Automatic vs manual runbooks
| Type | Behavior | When to use |
|---|---|---|
| Requires approval (default) | Execution is created with status pending_approval. An operator must manually approve before the action runs. | Production systems, destructive actions, high-risk changes. |
| Auto-approve | Execution is created with status approved and runs immediately when auto_approve_if_health_below threshold is set and host health drops below that value. | Non-critical systems, well-tested remediation patterns. |
| Suggested (system-generated) | If no runbook matches an alert, the engine creates a suggested runbook with is_suggested=True. These require manual configuration before use. | New alert patterns without existing runbooks. |
System runbook library
25 system runbooks are seeded at installation covering common operational scenarios. System runbooks are global (no organization scope) and do not require approval by default. They serve as a starting library that you can supplement with organization-specific runbooks.
| # | Runbook | Category |
|---|---|---|
| 1 | High CPU Remediation | Performance |
| 2 | Disk Full Cleanup | Storage |
| 3 | Service Down Restart | Availability |
| 4 | Memory Pressure Remediation | Performance |
| 5 | NTP Drift Correction | Configuration |
| 6 | SSH Service Recovery | Availability |
| 7 | Zombie Process Cleanup | Performance |
| 8 | Log Rotation Force | Storage |
| 9 | Web Server Restart (nginx) | Availability |
| 10 | Swap Usage High | Performance |
| 11 | Failed Login Monitor | Security |
| 12 | Windows Update Reset | Patching |
| 13 | Certificate Expiry Warning | Security |
| 14 | DNS Resolution Failure | Network |
| 15 | Port Exhaustion Recovery | Network |
| 16 | Database Service Recovery | Availability |
| 17 | Network Interface Flapping | Network |
| 18 | Process Crash Loop Detection | Availability |
| 19 | Backup Failure Recovery | Operations |
| 20 | High I/O Wait Remediation | Performance |
| 21 | Stale Reboot Pending | Patching |
| 22 | Filesystem Read-Only Recovery | Storage |
| 23 | Agent Heartbeat Loss | Monitoring |
| 24 | Windows Service Recovery | Availability |
| 25 | Patch Failure Evidence Collection | Patching |
Event-aware runbook matching
Runbooks can match on event-driven alerts in addition to metric-based alerts. Two additional trigger fields are available for event sources:
When an event alert fires, the remediation engine matches against both the event-specific trigger fields and the standard severity trigger. This allows runbooks to respond to AD security events, vulnerability discoveries, SNMP device failures, and other non-metric alert sources.

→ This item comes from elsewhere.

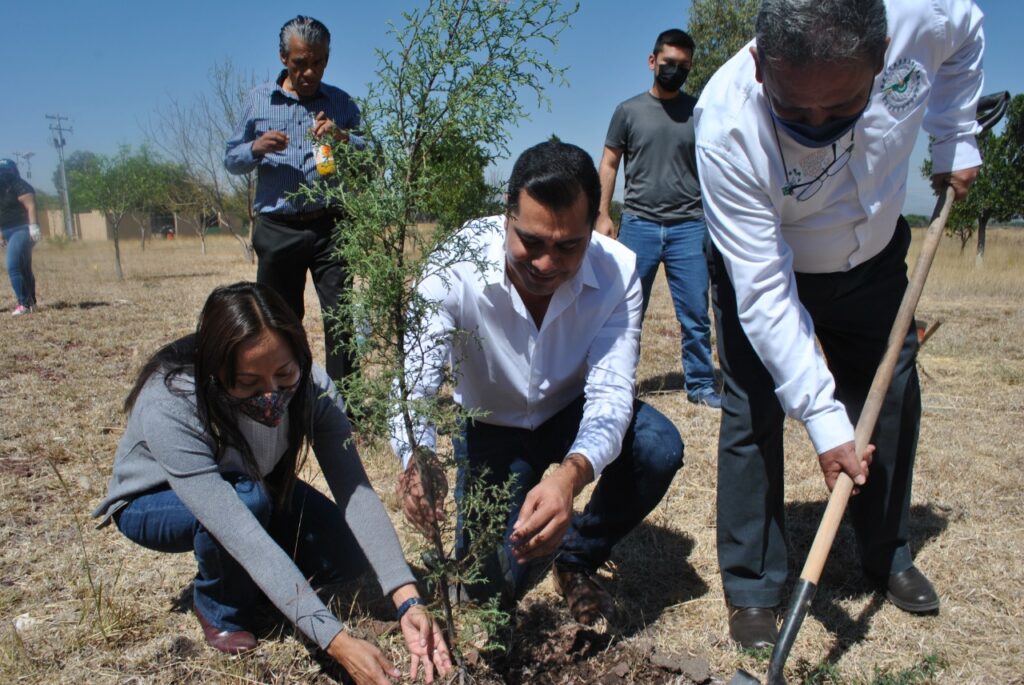 Al finalizar, miembros del Ayuntamiento, autoridades escolares y alumnos del plantel sembraron algunos pinos michoacanos en las instalaciones con la intención de cuidarlos y hacerlos crecer con el paso del tiempo.

Auto-approve by investigation confidence
Runbooks can set an auto-approve confidence threshold (0.0 to 1.0). When the causal investigation's confidence score meets or exceeds this threshold, the execution is auto-approved without manual intervention. This is separate from the health-based auto-approve.
Creating runbook definitions
- Navigate to Remediation > Runbooks.
- Click Create Runbook.
- Configure trigger conditions -- the engine matches ALL non-null conditions:
Trigger Metric TypeMatch on the alert's metric type (e.g., CPU usage percentage).Trigger Cause PatternPattern matched against the investigation's probable cause text.Trigger SeverityMinimum severity threshold: info, low, medium, warning, high, or critical.Trigger Heuristic RuleMatch on the investigation's heuristic rule name.
- Configure the action:
Action TypeOne of: Script, Workflow, Service Restart, or Command.Action ConfigurationAction-specific parameters (script, workflow, service name, command text, etc.).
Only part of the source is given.